Sidra Stich is an American art historian, museum curator, and travel writer based in San Francisco.

==Education and career==
She completed her undergraduate degree and earned a master's degree in Visual Arts Education from Harvard University and a Ph.D. in Art History from University of California, Berkeley where she wrote her dissertation on Surrealism and Picasso.

After finishing graduate school, she taught at Washington University in St. Louis. She then became chief curator of the Berkeley Art Museum. She has also held teaching positions at Stanford University, UC Berkeley, Washington University in St. Louis, University of San Francisco, and Mills College.

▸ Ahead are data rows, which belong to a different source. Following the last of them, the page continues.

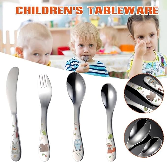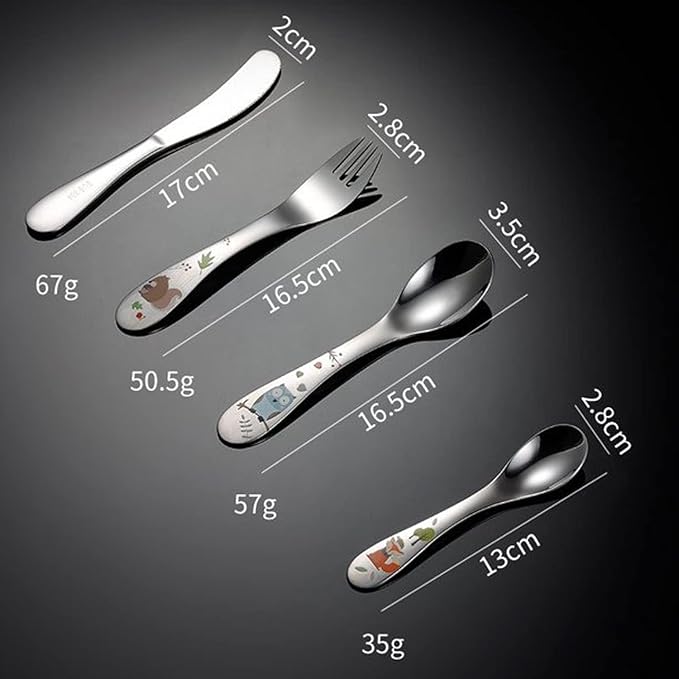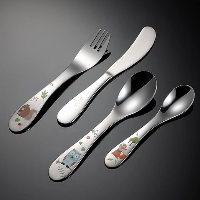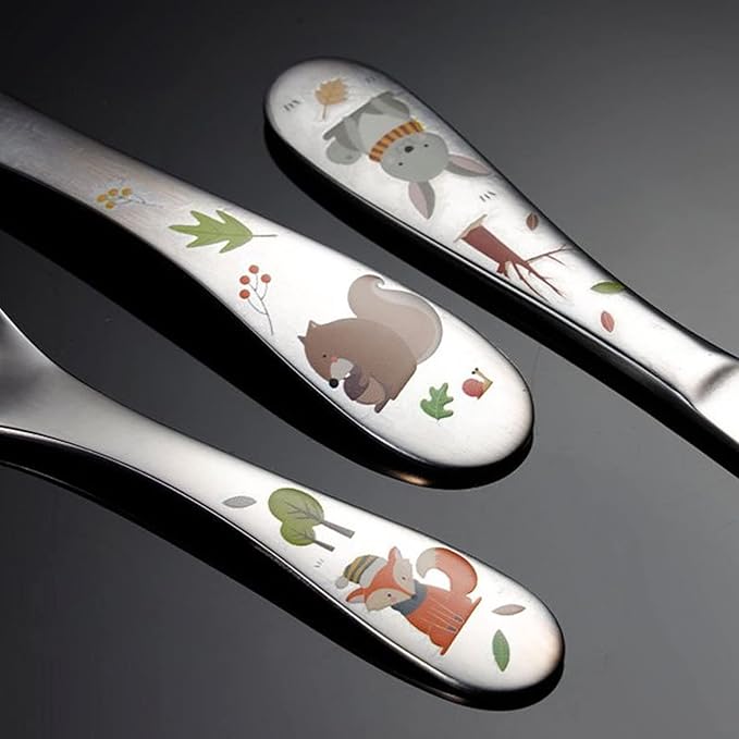 STAINLESS STEEL CHILDREN CUTLERY SET: this kids cutlery set is made of high-quality stainless steel, which is not easy to rust and can be used for a long time, durable tableware.it lets your little one learn how to eat mess free without moving onto grown up cutlery.
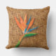Ein exotischer Aquarellvogel aus paradiesischer Blume auf einem geflochtenen Korbgeflecht, das auf diesen stilvollen Sommerkissen im Freien zu sehen ist. PASSENDE Artikel in unserem Geschäft.
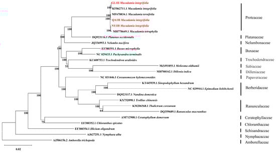 A phylogenetic tree was constructed using maximum likelihood (ML) methods, with 24 typical early diverging eudicots as the inner group and Amborella trichopod from the Amborellaceae as the outgroup (Figure 6). The results indicated that the three M. integrifolia cultivars (Guilin No. 1, Nanya No. 1, and Qian’ao No. 1) were closely related to M. integrifolia, M. tetraphylla, and M. ternifolia, respectively. These six species clustered into a small branch within Proteaceae and formed a sister clade with Platanus occidentalis from the Platanaceae family at 100% support.
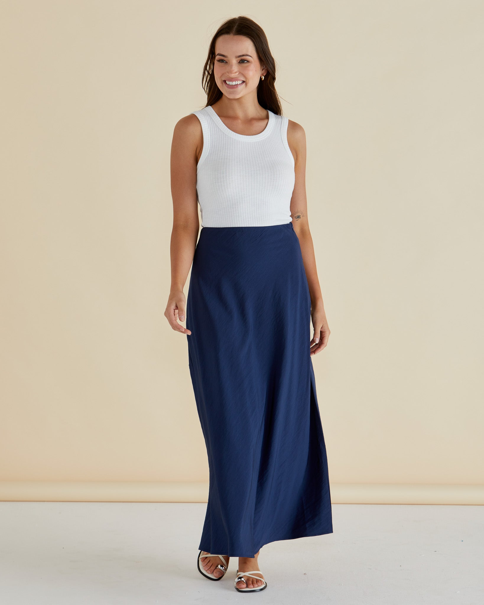 The Mindy Skirt is a classic transeasonal piece crafted from a soft viscose blend with a flattering bias cut. Its elasticated waistband ensures comfort and ease, while the midi length delivers an elevated, polished look. Relaxed in fit but refined in style, it’s an effortless addition to any wardrobe.
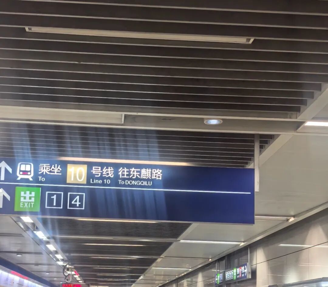 换乘指示牌也已更新:乘坐10号线往东麒路站!
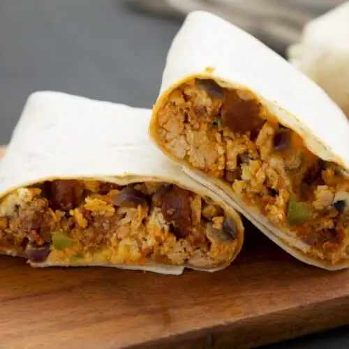 - Roll up the burrito and serve hot. If you like your burritos cheesy, top them with extra cheese and place them in the oven just until the cheese melts.
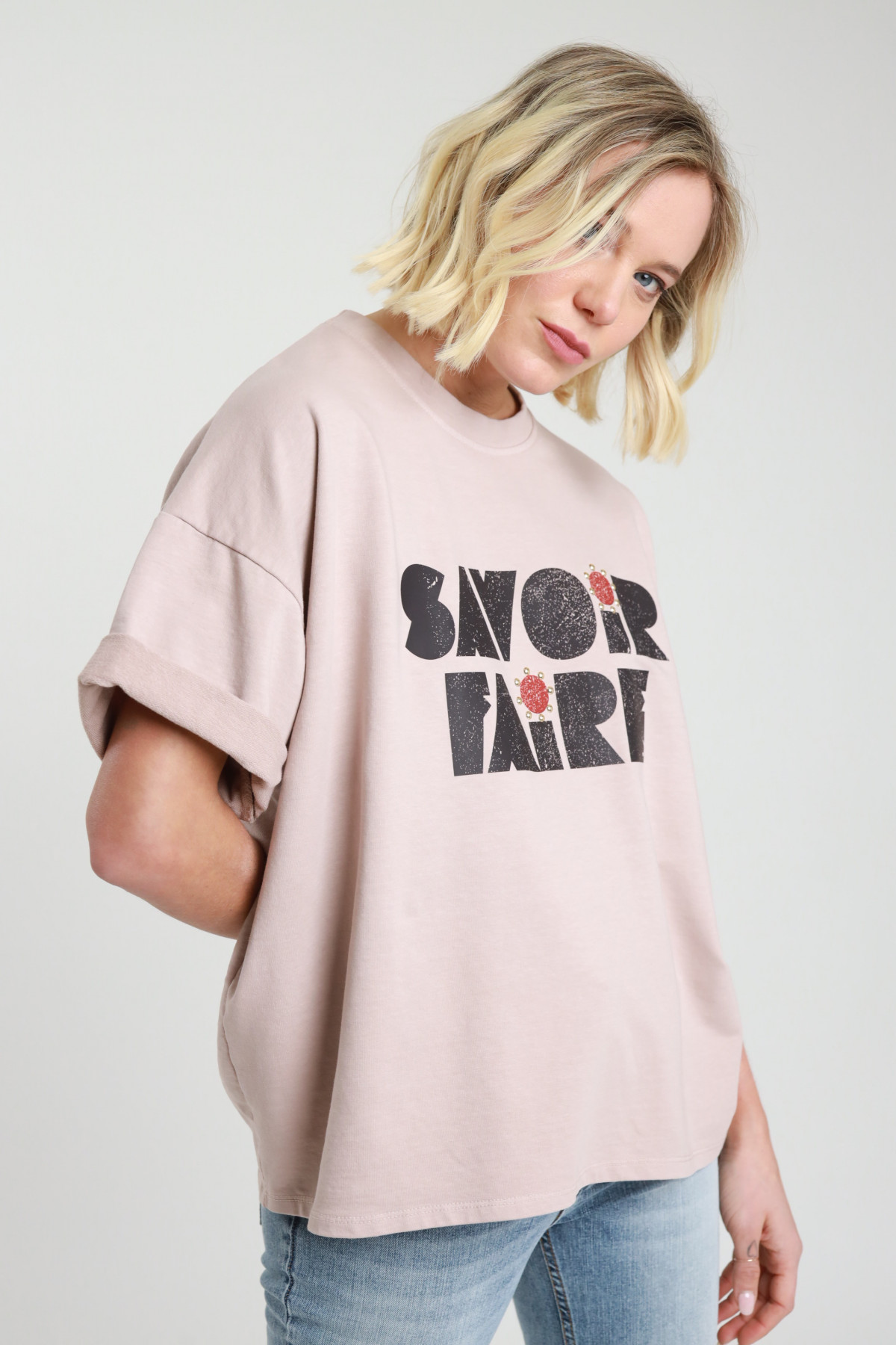 Felpa Over Maniche Corte con Stampa "Savoir Faire" sul Fronte e Borchiette.
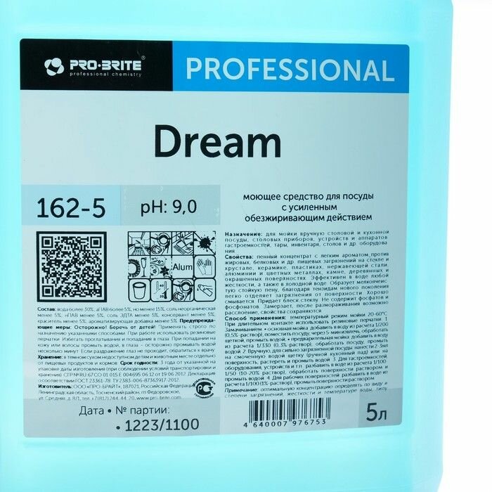 Моющее ср-во для посуды с усил. обезжир. дейст. 162-5 Dream 5л Pro-Brite

She was awarded research fellowships at the National Gallery, Washington, DC, Smithsonian American Art Museum, the Clayman Institute for Gender Research at Stanford University, and The Berlin Academy. She made a career decision to travel and write about modern art rather than return to teaching or as a curating.

==Writing==
Stich has produced a series of informational guides to art and architecture. She has made guides to France (1999); Britain and Ireland (2000); Spain (2003); San Francisco (2003); Paris (2003); Northern Italy (2005); and London (2005).

==Books==
- Made in U.S.A. An Americanization in Modern Art, the '50s and '60s
- Yves Klein (Distributed Art publishers, 1994)
- Anxious Visions: Surrealist Art
- Art Sites London: The Indispensable Guide To Contemporary Art Architecture Design
- Art Sites Paris
- Art Sites San Francisco: The Indispensable Guide To Contemporary Art Architecture Design
- Spain: Contemporary Art + Architecture Handbook
- Britain & Ireland: Contemporary Art + Architecture Handbook
- France: Contemporary Art + Architecture Handbook
- Art-Sites San Francisco: The Indispensable Guide to Contemporary Art-Architecture-Design

==Fellowships==
She received fellowships at The American Academy in Berlin, at Stanford Institute on Women and Gender, at the Smithsonian American Art Museum, at the Getty Museum Leadership Institute, and at the Center for Advanced Study in the Visual Arts at the National Gallery of Art.